### Information shown
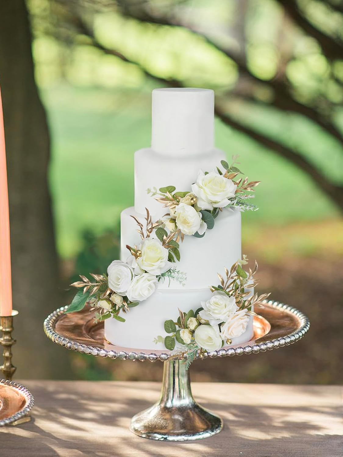 - Lush Green and Gold Accents: Each cake topper is enhanced with lush green foliage and subtle touches of gold, adding depth and dimension to the floral arrangement and creating a sense of opulence and luxury.
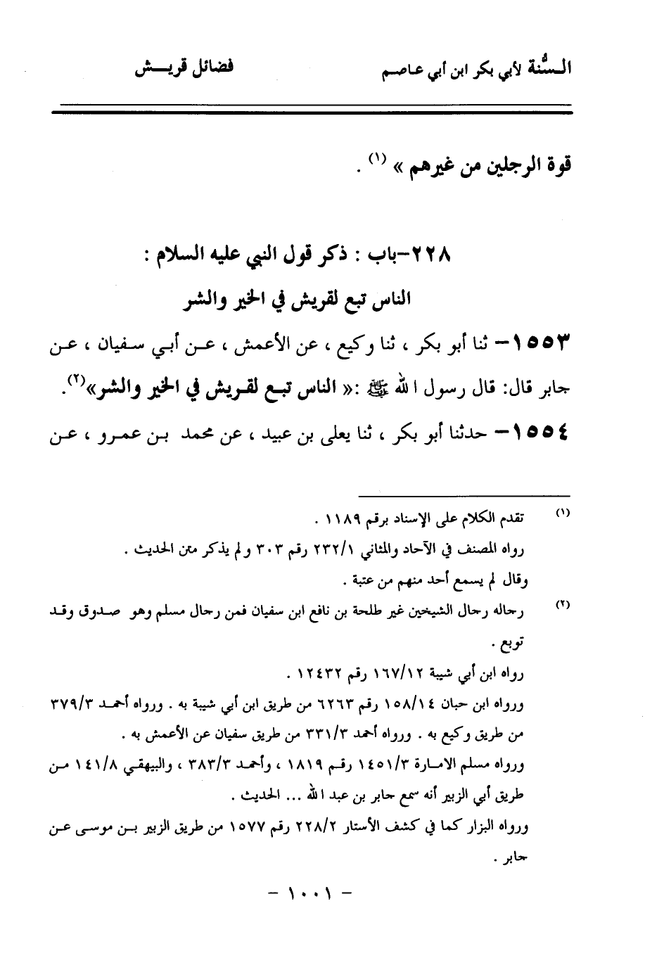 1553 - حَدَّثنا أَبُو بَكْرٍ، حَدَّثنا وَكِيعٌ، عَنِ الأَعْمَشِ، عَنْ أَبِي سُفْيَانَ، عَنْ جَابِرٍ، قَالَ: قَالَ رَسُولُ اللهِ صَلى الله عَلَيهِ وسَلمَ: النَّاسُ تَبَعٌ لِقُرَيْشٍ فِي الْخَيْرِ وَالشَّرِّ.
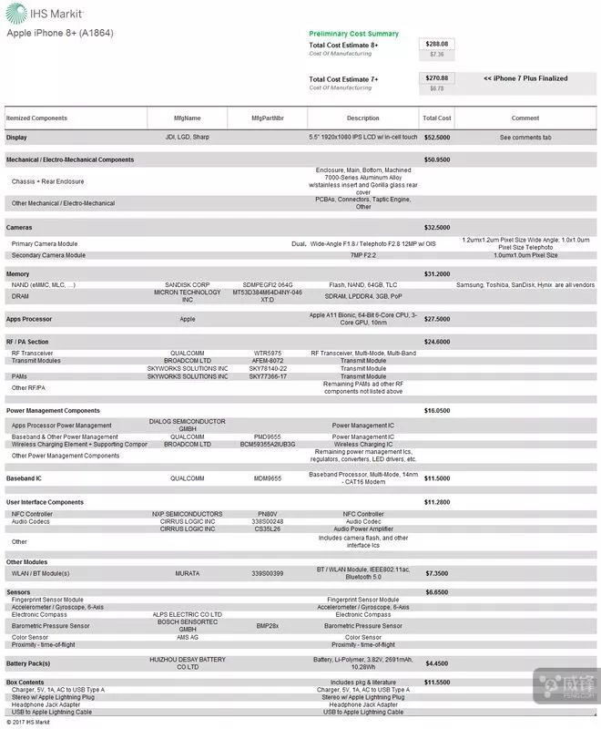 所以根据 IHS Markit 的成本表推算后我们不难发现,这款 iPhone 的物料成本会比 iPhone X 二代低100美元左右,比 iPhone 8 贵不了多少,贵在屏幕和前置 TureDepth 摄像头,便宜在 Force Touch 。作为参考, iPhone X 的毛利率高达63%。

### Work to be completed
Word for word, return the material, omitting the pictures.

### Exercise solution
 - Lush Green and Gold Accents: Each cake topper is enhanced with lush green foliage and subtle touches of gold, adding depth and dimension to the floral arrangement and creating a sense of opulence and luxury.
 1553 - حَدَّثنا أَبُو بَكْرٍ، حَدَّثنا وَكِيعٌ، عَنِ الأَعْمَشِ، عَنْ أَبِي سُفْيَانَ، عَنْ جَابِرٍ، قَالَ: قَالَ رَسُولُ اللهِ صَلى الله عَلَيهِ وسَلمَ: النَّاسُ تَبَعٌ لِقُرَيْشٍ فِي الْخَيْرِ وَالشَّرِّ.
 所以根据 IHS Markit 的成本表推算后我们不难发现,这款 iPhone 的物料成本会比 iPhone X 二代低100美元左右,比 iPhone 8 贵不了多少,贵在屏幕和前置 TureDepth 摄像头,便宜在 Force Touch 。作为参考, iPhone X 的毛利率高达63%。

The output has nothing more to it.